Arnd Bergmann pulled double duty at the recent UKUUG Linux 2008 conference by giving a talk on each day of the event. His talk on Saturday, entitled "Porting Linux to a new architecture, the right way", looked at various problems with recent architecture ports along with a project he has been working on to simplify that process. By creating a generic template for architectures, some of the mistakes of the past can be avoided.

This is one of Bergmann's pet projects, that "I like to do for fun, when I am hacking on the kernel, but not for IBM". The project and talk were inspired by a few new architectures that were merged—or were submitted for merging—in the last few years. In particular, the Blackfin and MicroBlaze architectures were inspiring, with the latter architecture still not merged, perhaps due to Bergmann's comments. He is hoping to help that situation get better.

The biggest problem with architecture ports tends to be code duplication because people start by copying all of the files from an existing architecture. In addition, "most people who don't know what they are doing copy from x86, which in my opinion is a big mistake". According to Bergmann, architecture porters seem to "first copy the header files and then change the whitespace", which makes it difficult to immediately spot duplicated code.

He points to termbits.h as an example of an include file that is duplicated in multiple architectures unnecessarily as the code is the same in most cases. He also notes there is "incorrect code duplication", pointing to new architectures that implement the sys_ipc() system call, resulting in "brand new architectures supporting a broken interface for x86 UNIX from the 80s". That call is a de-multiplexer for System V IPC calls that has the comment—dutifully duplicated into other architectures—"This is really horribly ugly".

Then there are problems with "code duplication by clueless people" which includes a sembuf.h implementation that puts the padding in the wrong place because of 64 vs. 32-bit confusion. In addition, because code is duplicated in multiple locations, bug fixes that are made for one architecture don't propagate to all the places that need the fix. As an example he noted a bug fix made by Sparc maintainer David Miller in the x86 tree that didn't make it into the Sparc tree. Finally, there are ABIs that are being needlessly propagated in new architecture ports: system calls that are implemented in terms of newer calls are still present in new ports even though it could all be handled in libc.

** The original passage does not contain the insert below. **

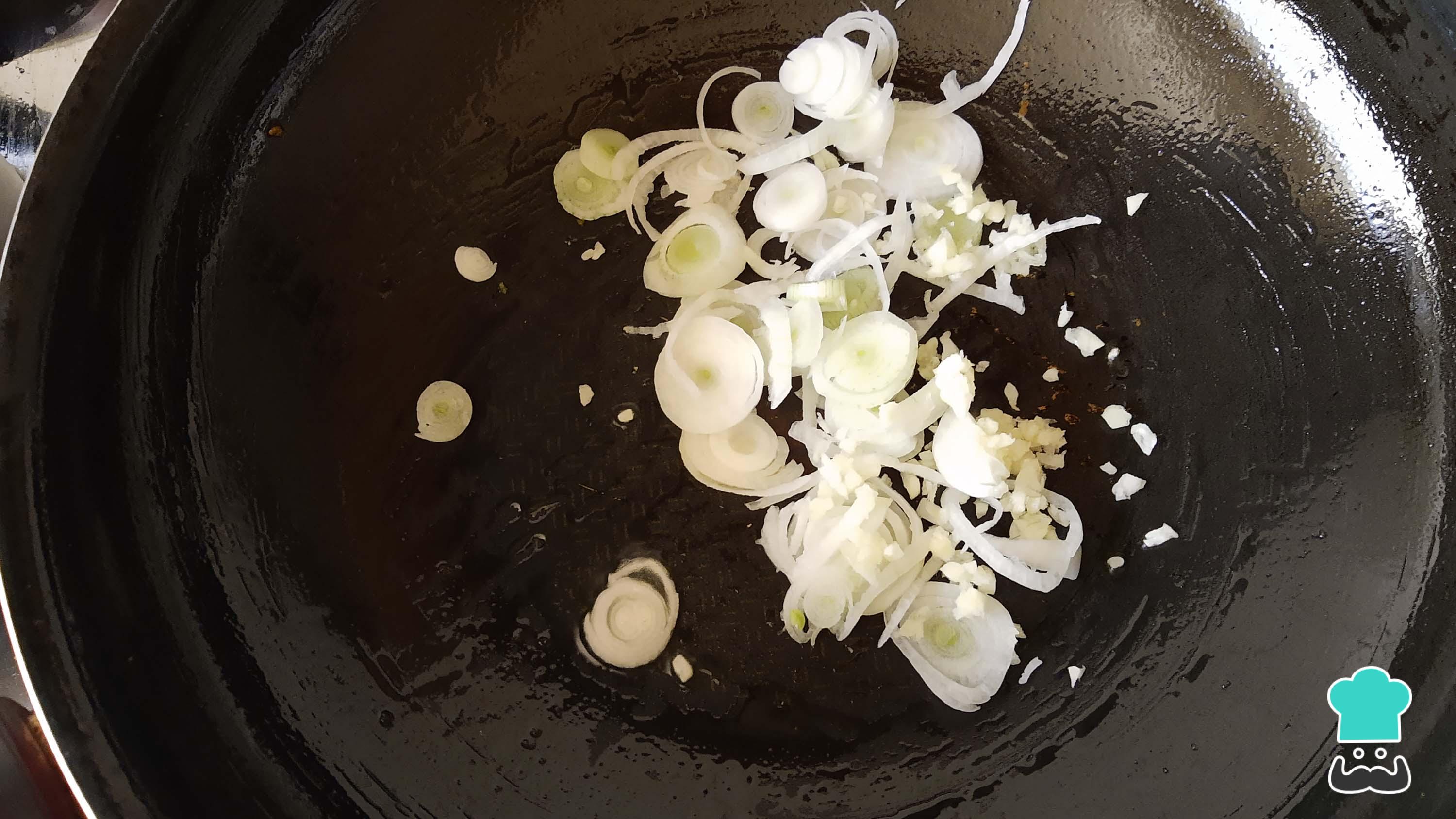 En un sartén con un poco de aceite, fríe la cebolla cambray en rodajas y el ajo finamente picado. Mueve constantemente hasta que notes que la cebolla comienza a dorarse.

The "obvious" solution is to create a generic architecture implementation that can be used as a starting point for new ports. Bergmann has been working on that, resulting in a 3000 line patch that "should make it very easy for people to port to new architectures". To start with, it defines a canonical ABI that is a list of all of the system calls that need to be implemented for a new architecture. It puts all of the required include files into the asm-generic directory that new ports can just include—or copy if they need to modify them.

Unfortunately, things are not quite that simple of course, there are a number of problem areas. There are "lots of things you simply cannot do in a generic way". Most of these things are fairly hardware-specific areas like MMU support, atomics, interrupts, task switching, byte order, signal contexts, hardware probing and the like.

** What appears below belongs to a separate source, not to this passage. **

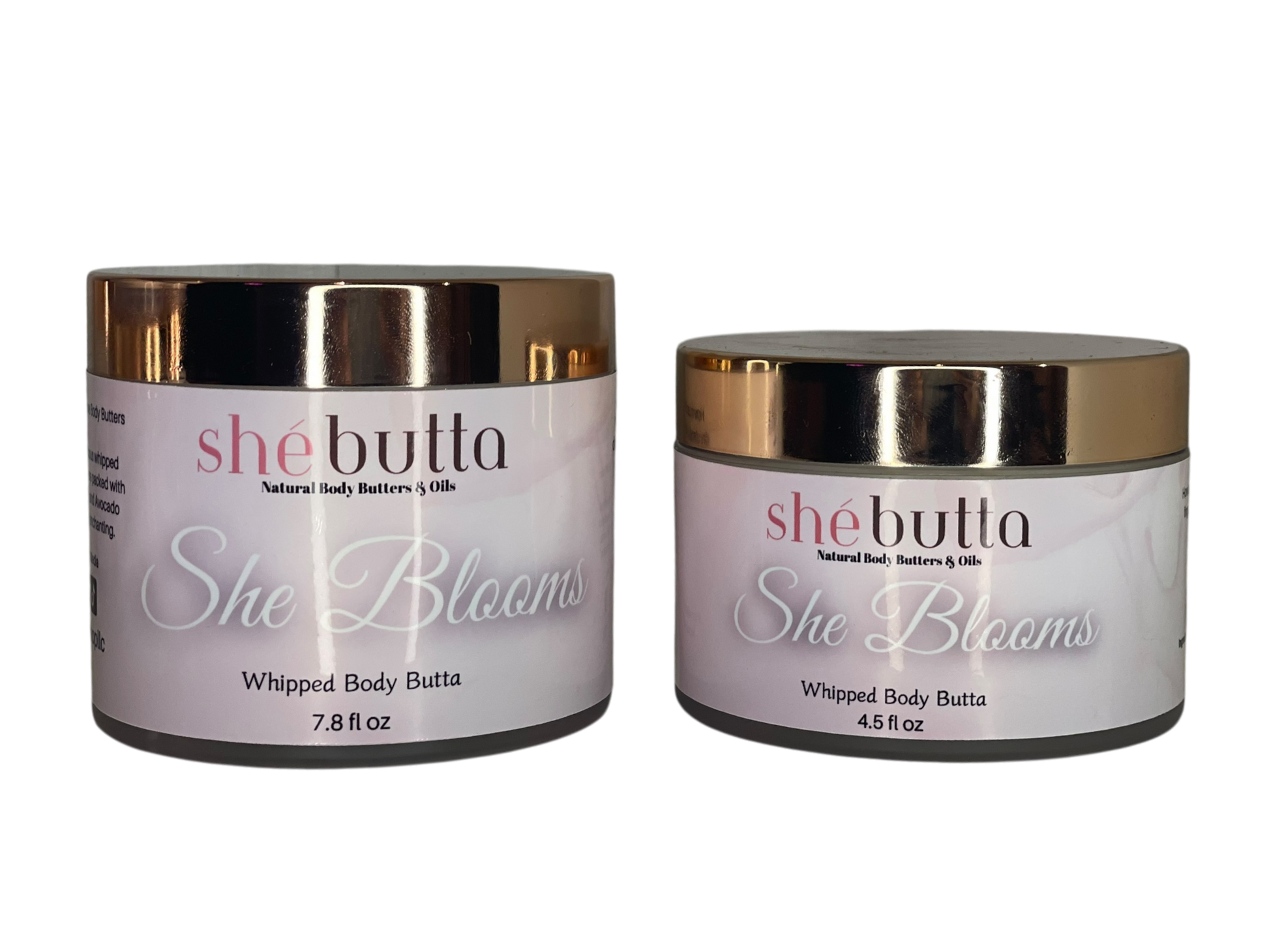 Let your skin bloom with She Blooms Body Butter, a rich and luxurious moisturizer crafted to deeply hydrate and rejuvenate. Infused with a radiant floral fragrance, this body butter will leave you feeling refreshed, confident, and ready to blossom into your best self.

Bergmann decided to go ahead by defining away some of these problems in his example architecture. So, there is no SMP or MMU support with the asm-generic/atomic.h and asm-generic/mmu_context.h include files being appropriately modified. Many of the architecture-specific functions have been stubbed out in arch/example/kernel/dummy.c so that he can compile the template architecture.

The example architecture uses an Open Firmware device tree to describe the hardware that is available at boot time. Open Firmware "is a bit like what you have with the new Intel EFI firmware, but it's a lot nicer". A flattened device tree data structure is passed to the kernel at boot time by the bootloader, so Bergmann will be able make it to the next step: making it boot.

As one might guess, there is still more work to be done. There are eight header files that are needed from the asm-example directory, but Bergmann hopes to reduce that some. He notes that there are other architecture-specific areas that need work. For example, every single architecture has its own implementation of TCP checksums in assembly language, which may not be optimal

Bergmann pointed attendees at the ukuug2008 branch of his kernel.org playground git tree: git://git.kernel.org/pub/scm/linux/kernel/git/arnd/playground.git to see the current state of his example architecture. It looks to be a nice addition to the kernel that will likely result in better architecture ports down the road.